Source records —
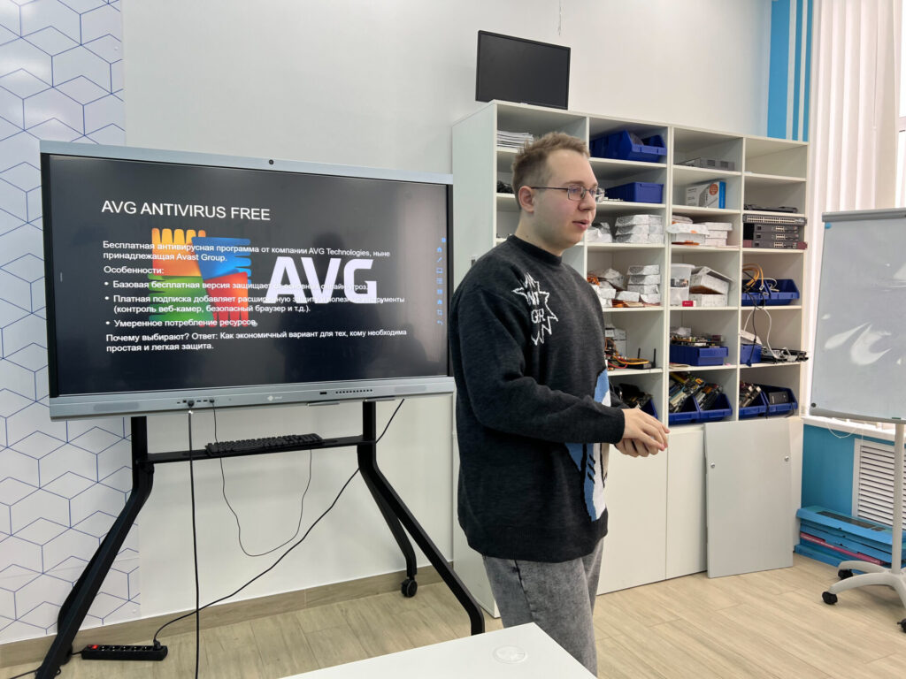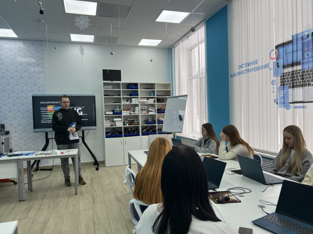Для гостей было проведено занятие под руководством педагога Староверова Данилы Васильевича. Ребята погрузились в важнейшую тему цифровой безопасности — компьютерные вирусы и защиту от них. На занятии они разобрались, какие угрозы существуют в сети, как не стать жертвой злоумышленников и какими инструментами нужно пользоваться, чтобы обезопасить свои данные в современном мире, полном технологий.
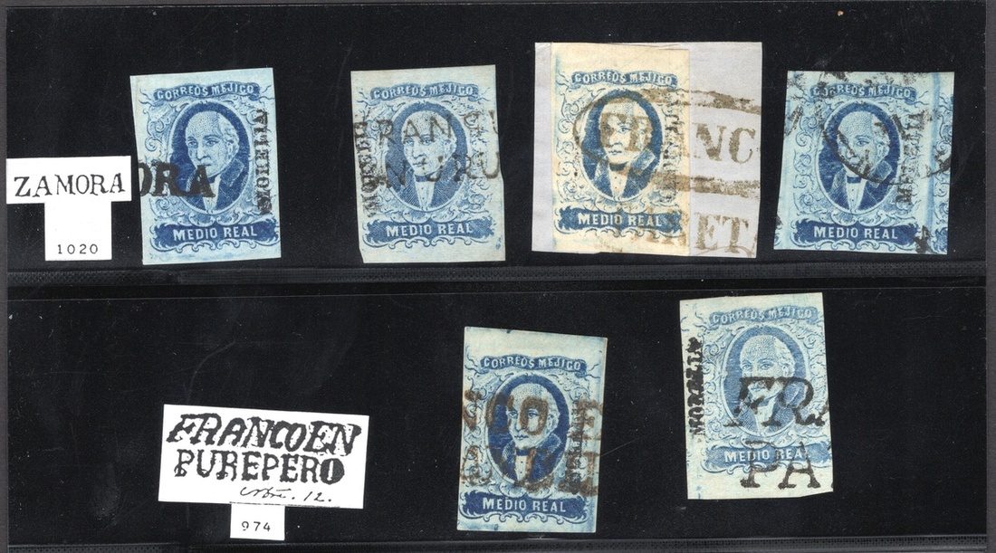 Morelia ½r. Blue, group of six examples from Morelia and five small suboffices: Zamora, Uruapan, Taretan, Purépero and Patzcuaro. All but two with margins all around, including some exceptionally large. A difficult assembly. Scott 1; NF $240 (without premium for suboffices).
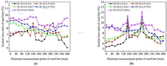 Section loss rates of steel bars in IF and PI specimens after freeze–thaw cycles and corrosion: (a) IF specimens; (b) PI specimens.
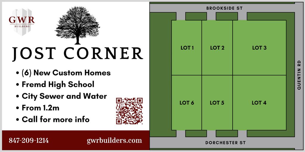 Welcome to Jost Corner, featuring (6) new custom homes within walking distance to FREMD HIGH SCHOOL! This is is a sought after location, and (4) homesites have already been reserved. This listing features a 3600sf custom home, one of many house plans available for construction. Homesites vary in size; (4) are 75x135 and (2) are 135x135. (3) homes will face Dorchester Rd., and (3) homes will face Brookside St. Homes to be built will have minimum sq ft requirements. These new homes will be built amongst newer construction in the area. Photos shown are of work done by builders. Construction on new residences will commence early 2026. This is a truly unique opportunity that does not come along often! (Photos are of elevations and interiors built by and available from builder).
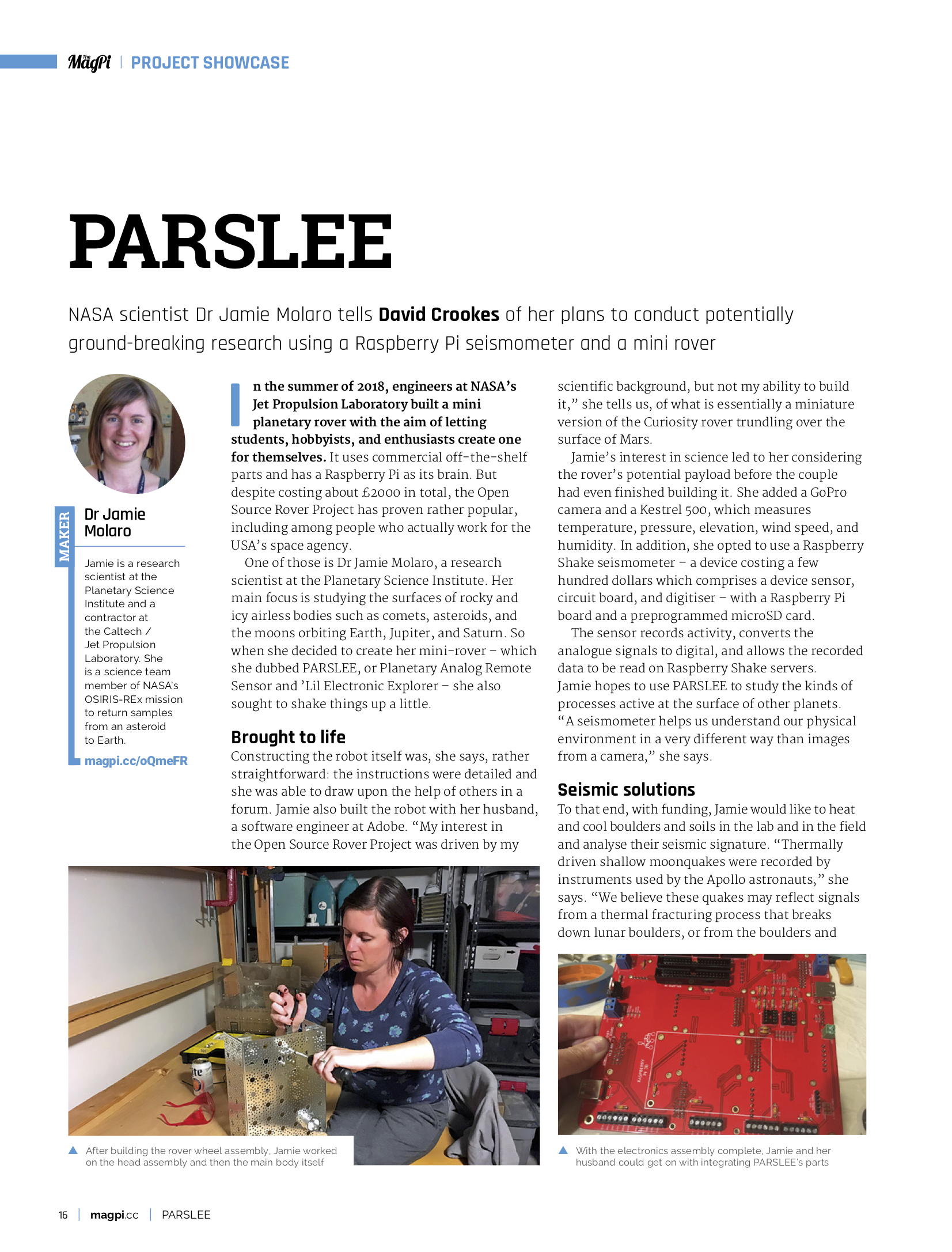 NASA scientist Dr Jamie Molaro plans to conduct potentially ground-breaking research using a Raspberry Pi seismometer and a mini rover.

TASK — Every entry above needs to be duplicated precisely, and none of the pictures should appear.

EXERCISE SOLUTION —
Для гостей было проведено занятие под руководством педагога Староверова Данилы Васильевича. Ребята погрузились в важнейшую тему цифровой безопасности — компьютерные вирусы и защиту от них. На занятии они разобрались, какие угрозы существуют в сети, как не стать жертвой злоумышленников и какими инструментами нужно пользоваться, чтобы обезопасить свои данные в современном мире, полном технологий.
 Morelia ½r. Blue, group of six examples from Morelia and five small suboffices: Zamora, Uruapan, Taretan, Purépero and Patzcuaro. All but two with margins all around, including some exceptionally large. A difficult assembly. Scott 1; NF $240 (without premium for suboffices).
 Section loss rates of steel bars in IF and PI specimens after freeze–thaw cycles and corrosion: (a) IF specimens; (b) PI specimens.
 Welcome to Jost Corner, featuring (6) new custom homes within walking distance to FREMD HIGH SCHOOL! This is is a sought after location, and (4) homesites have already been reserved. This listing features a 3600sf custom home, one of many house plans available for construction. Homesites vary in size; (4) are 75x135 and (2) are 135x135. (3) homes will face Dorchester Rd., and (3) homes will face Brookside St. Homes to be built will have minimum sq ft requirements. These new homes will be built amongst newer construction in the area. Photos shown are of work done by builders. Construction on new residences will commence early 2026. This is a truly unique opportunity that does not come along often! (Photos are of elevations and interiors built by and available from builder).
 NASA scientist Dr Jamie Molaro plans to conduct potentially ground-breaking research using a Raspberry Pi seismometer and a mini rover.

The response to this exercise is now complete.